An Illinois meat processing plant, the Chicago Meat Authority Inc. (“CMA”), and the U.S. Equal Employment Opportunity Commission (EEOC) recently agreed to settle a three-year-old lawsuit filed in an Illinois federal court. The agency claimed that CMA had a recurring practice where it bypassed Black job applicants for almost a decade and subjected Black employees to racial slurs and harassment.
In U.S. Equal Employment Opportunity Commission v. Chicago Meat Authority, Inc., 1:18-cv-01357, filed in the U.S. District Court for the Northern District of Illinois, Angelo Turner and several other employees alleged that CMA engaged in discrimination and retaliation. The EEOC issued letters to CMA in July 2017 stating that its investigation yielded sufficient reason to believe that CMA had subjected its African American employees to racial harassment over an extended period.

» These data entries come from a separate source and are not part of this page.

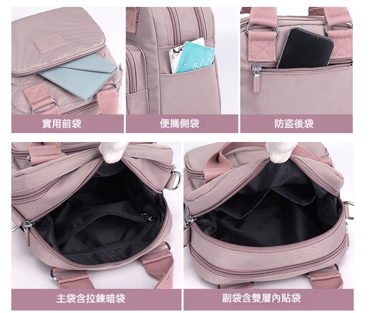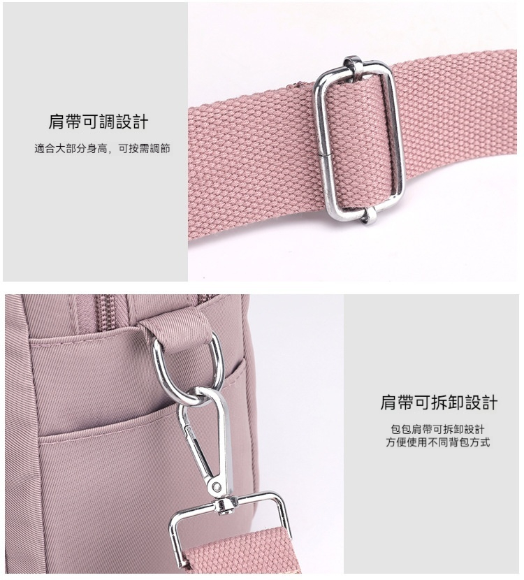 👜結構:雙主袋、內貼袋*2、拉鍊內貼袋、前置拉鍊袋、後幅拉鍊貼袋,附可調式長背帶
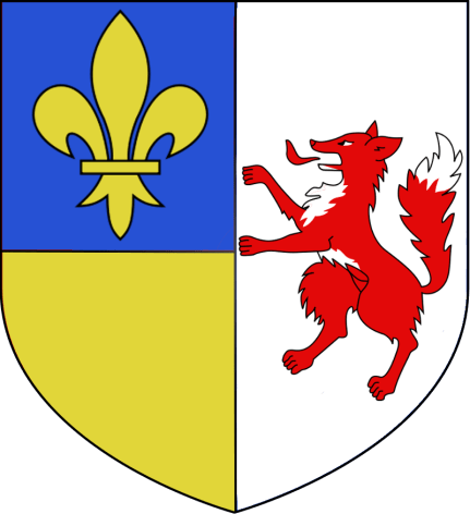 Parti mi-coupé à dextre d’azur, d’argent et d’or, le 1 chargé d’une fleur de lys d’or aussi, le 2 chargé d’un renard au naturel, ravissant.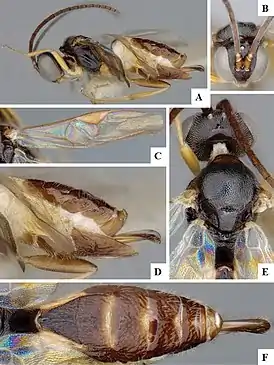 Мелкие паразитические наездники. От близких родов отличается субтреугольным ареолетом, средней длиной яйцеклада (он толстый, часто апикально изогнут кверху), его длина примерно вдвое меньше длины задней голени, волоски в основном на апикальной его половине. Первый тергит в 2-3 раза длиннее своей ширины, немного расширен на вершине и обычно сжатый между основанием и серединой. 2-й тергит субтреугольный. Жгутик усика 16-члениковый. Нижнечелюстные щупики 5-члениковые, нижнегубные щупики состоят из 3 сегментов. Дыхальца первого брюшного тергиты находятся на латеротергитах. Паразитируют на гусеницах бабочек[1][2][3].

CMA agreed to pay over $1.1 million into a settlement fund and impose policy changes. Consent decrees are settlements between parties where neither party admits liability. In the three-year consent decree, Chicago Meat Authority continues to deny the discrimination allegations.
The $1.1 million settlement fund constitutes compensatory damages and back wages for black job applicants who applied for jobs at CMA since January 2012 but were not hired and for four CMA workers who alleged racial harassment.

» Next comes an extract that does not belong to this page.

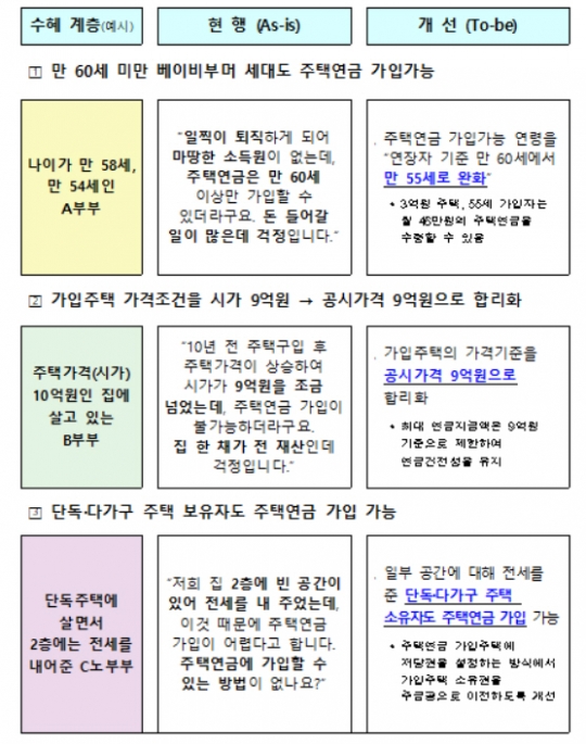 방안에 따르면 먼저 주택연금 가입연령을 60세에서 55세로 낮추고 주택가격은 시가 9억원에서 공시가 9억원으로 높인다.

The settlement also unilaterally prohibits race-based discrimination, harassment, and retaliation, and it requires the company to prioritize hiring black applicants who weren’t hired in the past but still want employment at CMA. CMA must also adhere as closely as possible to ensuring that half of its new hires are African American.

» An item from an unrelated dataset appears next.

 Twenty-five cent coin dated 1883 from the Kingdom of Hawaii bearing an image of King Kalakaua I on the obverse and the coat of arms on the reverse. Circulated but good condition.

Additionally, CMA must create anti-discrimination training for its employees and management. It must also implement a new process for internally investigating discrimination claims. The consent decree also directs that CMA sets up a hotline so employees and prospective job applicants may report race-based discrimination, harassment, and retaliation confidentially.
Finally, the settlement requires CMA to expunge any records showing it fired ex-employee Angelo Turner. The EEOC claimed its investigation led it to believe that CMA fired Turner based on his race and in retaliation for filing a discrimination charge with the agency.
In a press release, CMA president Jordan Dorfman characterized the deal as a “business decision to settle the case, without any admission of improper practices.” “Though it may seem that settling this case was somehow an admission of fault, nothing could be further from the truth,” the statement added. “This does not mean that as an employer we haven’t learned from this experience or had cause to evaluate what we can do better.”
EEOC Chair Charlotte A. Burrows said in a statement that “this resolution is a reminder of the urgency of the EEOC’s work to combat systemic racial discrimination and harassment. I am pleased that Chicago Meat Authority is working to address past wrongs and prevent future discrimination.”